# Waiting for a placement order.



## waiting for a pink (Mar 8, 2010)

We have just found out that we have been linked with a wee 17 month old. She currently has a care order and a request for a placement order is in place. We are so keen for things to progress fast, but we have no idea of timescales.
Can anyone give any indication as to how long it usually takes for placement orders to be granted and how long it might be until introductions begin? 
We are do excited it's crazy!

Many thanks


----------



## Lorella (Jan 10, 2013)

How exciting! Good luck. 

For us it took 2 and a half months from placement order to first day of intros xx


----------



## littlepoppy86 (Feb 14, 2014)

Getting the po really depends how long a co has been in place. 
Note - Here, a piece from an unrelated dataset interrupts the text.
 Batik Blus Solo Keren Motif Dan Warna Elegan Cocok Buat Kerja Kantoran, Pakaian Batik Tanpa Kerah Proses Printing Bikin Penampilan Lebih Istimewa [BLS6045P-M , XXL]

Could be 6months, could take a year....I'd be asking a lot of questions to make sure there isn't Any heartbreak, are they assessing them or family members? Do cafcass & guardian support plans for adoption & why wasn't PO granted at the same time as CO.

Gd luck  xx


----------



## becs40 (Apr 9, 2013)

6 months woukd be a fairly "typical" timescale from the start of proceedings but it very much depends on what happens throughout. There could be delays whilst assessments are done on other family members that weren't initially put forward etc. our lo was removed at birth and po was issued about a week before he was 6 months.


----------



## pyjamas (Jun 24, 2011)

I have been in your position  twice and found it really hard especially as both times POs weren't granted when we were told it was 99,9% certain they would. Try not to get your hopes up till PO is granted to save yourself a lot of heartache!


----------



## waiting for a pink (Mar 8, 2010)

I don't know much about the case yet, but we're meeting with our social worker and the little one's social worker on Monday. What we do know is that the agency's decision maker has approved the plan for adoption and a care order is in place. 
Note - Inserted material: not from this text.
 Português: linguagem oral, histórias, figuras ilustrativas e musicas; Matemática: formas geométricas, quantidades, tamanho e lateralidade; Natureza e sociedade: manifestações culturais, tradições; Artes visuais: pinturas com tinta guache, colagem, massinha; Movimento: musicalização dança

Our social worker was hesitant to approach us as we were hoping for a wee one a little younger. I would find it odd if our social worker approached us about a little one if she thought it may take 6 months for the placement order to go through. 
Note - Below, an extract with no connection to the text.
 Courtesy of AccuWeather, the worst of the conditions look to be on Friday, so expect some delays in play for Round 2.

I'm sure I'm just being super optimistic and just need to sit and wait for more info

Xx


----------



## becs40 (Apr 9, 2013)

6 months is the usual time from the start of care proceedings so as a care order is in place it depends on how long that's been in place. You should ask if they have had the IRH which is the interim review hearing. Sometimes placement orders are granted at that hearing but it's also a good indicator of how it will proceed. If not granted at the IRH then generally 6 weeks later they would have the final hearing. They are targeted to have care proceedings completed within 26 weeks so that is from the initial care order through to placement order.


----------



## littlepoppy86 (Feb 14, 2014)

To give you an idea it was 3M from CO to first PO hearing. This was contested and delayed by 2months, the PO finally granted 6m after CO...you've then got timescales for matching panel & intros too. From PO it was 6weeks till intros but we had the sibling already so was a lot simpler.

Basically SS are not allowed to show the judge they are family finding pre PO as it is the judges descision, this means really no panel dates etc would be put in until PO granted.

You could be looking at a close to 2yr old by the time it's all completed, if they haven't a PO there is always a chance child is returned to birth family x


----------